On her final descent, the sun dripped toward the Western horizon, turning the sky into a pallet of pinks and blues and purples. Clouds threatened to blot out the water-color image as we broke into a clearing. The water called to us. Home, was all I could think.

Henry had reservations, his steps faltering as I tugged him along with me, down the hill.

“Marlie, are you sure that’s where we belong?” He came to a stop behind me.

I turned back to him; I could feel my face flushing in the cool air, then the blush of excitement and anticipation tinting my cheeks.

“This isn’t our world, Henry.”

“But,” he hesitated. He looked up at the trees, the sky. “This world though. It feels so…”

“Ours is below the surface. Don’t you feel it pulling us? Hear it calling to us?”

Henry shook his head. “That can’t be right.”

My heart stopped. We were already too late. He’d been free of the water too long. He forgot who we were, what we were. I needed to act fast if I was going to save my love. With only minutes to spare, I grabbed his hand and pulled him down the hill with me to the dock.

The sun, just brushing the tree tops, was disappearing fast.

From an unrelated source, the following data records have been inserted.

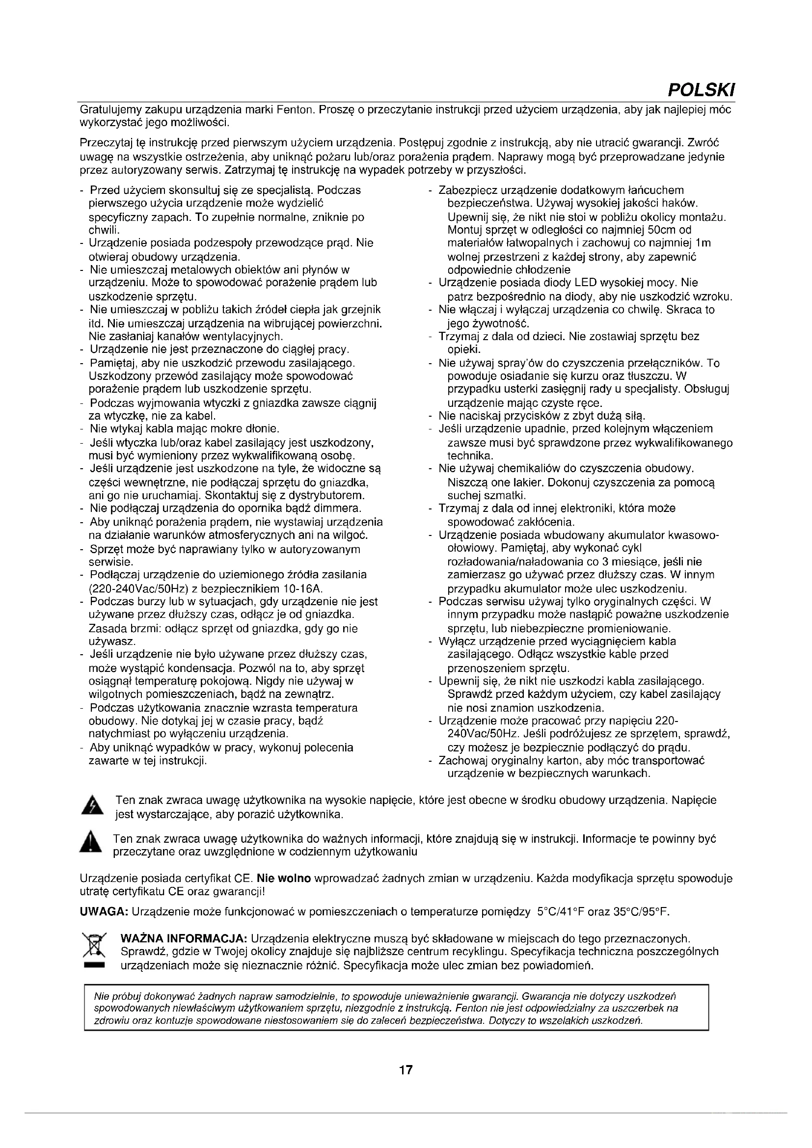 AUX IN Vous pouvez écouter la musique stockée dans un autre appareil audio ou un téléphone intelligent via la radio, grâce à la connexion à la prise d'entrée auxiliaire de 3,5 mm sur la face avant. Utilisez un câble avec des broches de 3,5 mm aux deux extrémités, l'une connectée à la prise d'entrée auxiliaire de la radio, l'autre connectée à la prise d'écouteurs de l'appareil audio (ou à la prise de sortie de ligne si disponible). Réglez le commutateur de mode sur le mode AUX. Lisez de la musique sur l'appareil connecté, le son sera émis par la radio.17 POLSKI Gratulujemy zakupu urządzenia marki Fenton. Proszę o przeczytanie instrukcji przed użyciem urządzenia, aby jak najlepiej móc wykorzystać jego możliwości. Przeczytaj tę instrukcję przed pierwszym użyciem urządzenia. Postępuj zgodnie z instrukcją, aby nie utracić gwarancji. Zwróć uwagę na wszystkie ostrzeżenia, aby uniknąć pożaru lub/oraz porażenia prądem. Naprawy mogą być przeprowadzane jedynie przez autoryzowany serwis. Zatrzymaj tę instrukcję na wypadek potrzeby w przyszłości. - Przed użyciem skonsultuj się ze specjalistą. Podczas pierwszego użycia urządzenie może wydzielić specyficzny zapach. To zupełnie normalne, zniknie po chwili. - Urządzenie posiada podzespoły przewodzące prąd. Nie otwieraj obudowy urządzenia. - Nie umieszczaj metalowych obiektów ani płynów w urządzeniu. Może to spowodować porażenie prądem lub uszkodzenie sprzętu. - Nie umieszczaj w pobliżu takich źródeł ciepła jak grzejnik itd. Nie umieszczaj urządzenia na wibrującej powierzchni. Nie zasłaniaj kanałów wentylacyjnych. - Urządzenie nie jest przeznaczone do ciągłej pracy. - Pamiętaj, aby nie uszkodzić przewodu zasilającego. Uszkodzony przewód zasilający może spowodować porażenie prądem lub uszkodzenie sprzętu. - Podczas wyjmowania wtyczki z gniazdka zawsze ciągnij za wtyczkę, nie za kabel. - Nie wtykaj kabla mając mokre dłonie. - Jeśli wtyczka lub/oraz kabel zasilający jest uszkodzony, musi być wymieniony przez wykwalifikowaną osobę. - Jeśli urządzenie jest uszkodzone na tyle, że widoczne są części wewnętrzne, nie podłączaj sprzętu do gniazdka, ani go nie uruchamiaj. Skontaktuj się z dystrybutorem. - Nie podłączaj urządzenia do opornika bądź dimmera. - Aby uniknąć porażenia prądem, nie wystawiaj urządzenia na działanie warunków atmosferycznych ani na wilgoć. - Sprzęt może być naprawiany tylko w autoryzowanym serwisie. - Podłączaj urządzenie do uziemionego źródła zasilania (220-240Vac/50Hz) z bezpiecznikiem 10-16A. - Podczas burzy lub w sytuacjach, gdy urządzenie nie jest używane przez dłuższy czas, odłącz je od gniazdka. Zasada brzmi: odłącz sprzęt od gniazdka, gdy go nie używasz. - Jeśli urządzenie nie było używane przez dłuższy czas, może wystąpić kondensacja. Pozwól na to, aby sprzęt osiągnął temperaturę pokojową. Nigdy nie używaj w wilgotnych pomieszczeniach, bądź na zewnątrz. - Podczas użytkowania znacznie wzrasta temperatura obudowy. Nie dotykaj jej w czasie pracy, bądź natychmiast po wyłączeniu urządzenia. - Aby uniknąć wypadków w pracy, wykonuj polecenia zawarte w tej instrukcji. - Zabezpiecz urządzenie dodatkowym łańcuchem bezpieczeństwa. Używaj wysokiej jakości haków. Upewnij się, że nikt nie stoi w pobliżu okolicy montażu. Montuj sprzęt w odległości co najmniej 50cm od materiałów łatwopalnych i zachowuj co najmniej 1m wolnej przestrzeni z każdej strony, aby zapewnić odpowiednie chłodzenie - Urządzenie posiada diody LED wysokiej mocy. Nie patrz bezpośrednio na diody, aby nie uszkodzić wzroku. - Nie włączaj i wyłączaj urządzenia co chwilę. Skraca to jego żywotność. - Trzymaj z dala od dzieci. Nie zostawiaj sprzętu bez opieki. - Nie używaj spray’ów do czyszczenia przełączników. To powoduje osiadanie się kurzu oraz tłuszczu. W przypadku usterki zasięgnij rady u specjalisty. Obsługuj urządzenie mając czyste ręce. - Nie naciskaj przycisków z zbyt dużą siłą. - Jeśli urządzenie upadnie, przed kolejnym włączeniem zawsze musi być sprawdzone przez wykwalifikowanego technika. - Nie używaj chemikaliów do czyszczenia obudowy. Niszczą one lakier. Dokonuj czyszczenia za pomocą suchej szmatki. - Trzymaj z dala od innej elektroniki, która może spowodować zakłócenia. - Urządzenie posiada wbudowany akumulator kwasowo- ołowiowy. Pamiętaj, aby wykonać cykl rozładowania/naładowania co 3 miesiące, jeśli nie zamierzasz go używać przez dłuższy czas. W innym przypadku akumulator może ulec uszkodzeniu. - Podczas serwisu używaj tylko oryginalnych części. W innym przypadku może nastąpić poważne uszkodzenie sprzętu, lub niebezpieczne promieniowanie. - Wyłącz urządzenie przed wyciągnięciem kabla zasilającego. Odłącz wszystkie kable przed przenoszeniem sprzętu. - Upewnij się, że nikt nie uszkodzi kabla zasilającego. Sprawdź przed każdym użyciem, czy kabel zasilający nie nosi znamion uszkodzenia. - Urządzenie może pracować przy napięciu 220- 240Vac/50Hz. Jeśli podróżujesz ze sprzętem, sprawdź, czy możesz je bezpiecznie podłączyć do prądu. - Zachowaj oryginalny karton, aby móc transportować urządzenie w bezpiecznych warunkach. Ten znak zwraca uwagę użytkownika na wysokie napięcie, które jest obecne w środku obudowy urządzenia. Napięcie jest wystarczające, aby porazić użytkownika. Ten znak zwraca uwagę użytkownika do ważnych informacji, które znajdują się w instrukcji. Informacje te powinny być przeczytane oraz uwzględnione w codziennym użytkowaniu Urządzenie posiada certyfikat CE. Nie wolno wprowadzać żadnych zmian w urządzeniu. Każda modyfikacja sprzętu spowoduje utratę certyfikatu CE oraz gwarancji! UWAGA: Urządzenie może funkcjonować w pomieszczeniach o temperaturze pomiędzy 5°C/41°F oraz 35°C/95°F. WAŻNA INFORMACJA: Urządzenia elektryczne muszą być sk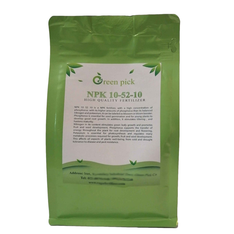 کود کامل NPK 10-52-10 گرین پیک جزو کودهای کامل هست که دارای 10 درصد نیتروژن (ازت)، 52 درصد فسفر و 10 درصد پتاسیم میباشد و برای زمان کاشت و ریشه دهی بسیار مفید هست و میتوان از آن برای انواع کاکتوس و ساکولنت نیز استفاده کرد.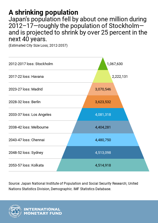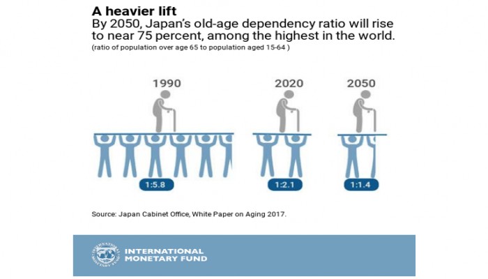 Japan has been coping with reduced number of working age persons supporting each elderly (see graph A Heavier Lift). BY 2020, only 2.1 workers will be supporting each elderly person, and this is projected to decrease to only 1.4 by 2050.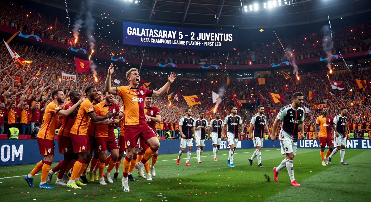 Galatasaray mounted a stunning comeback to defeat Juventus 5-2 in the first leg of their UEFA Champions League playoff tie in Istanbul. The Turkish side overturned a halftime deficit after Juventus' Juan Cabal was sent off, with Noa Lang scoring twice in the victory. The result puts Galatasaray in a strong position ahead of the return leg in Turin.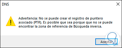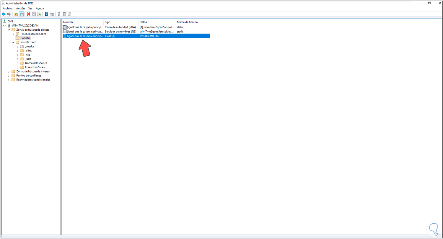Iremos a la zona inversa y validamos la IP asignada por DNS. Vemos el host creado: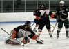 As soon as Stoughton was at even strength, it had an odd-man rush that created a partial breakaway for senior Larry Hixon, that Almeida saved, but the rebound came right out to senior Dave Campbell who sent a hard slap shot into the net, with 2:11 left.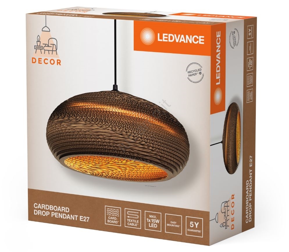 Ledvance - Lampadario a sospensione con filo DECOR CARDBOARD 1xE27/15W/230V diametro 40 cm caratterizza un design gradevole e funzionale. Per la lampada è adatta una lampadina con attacco E27. Qui puoi acquistare altre lampadine a prezzi vantaggiosi. Avrai un'aggiunta interessante alla tua casa.

At a full run, I refused to let go of Henry’s hand. Just before the wood planks came to an abrupt stop, Henry’s hand jerked free. With too much momentum built up, I couldn’t stop. I was already flying through the air, arms stretched out to the side for a few seconds before I brought my hands together and sliced into the choppy water. Beneath the surface, I felt my legs fuse together, my tail propelling me through the cool, dark world we came from.

Oh how I’d missed that feeling, that feeling of belonging to the place I was. I would have kept going, the other world nearly forgotten already, but something stopped me. My heart let me go no further, pulled me back to the surface. I stayed where I was, for just seconds, before turning back to where I’d just come from.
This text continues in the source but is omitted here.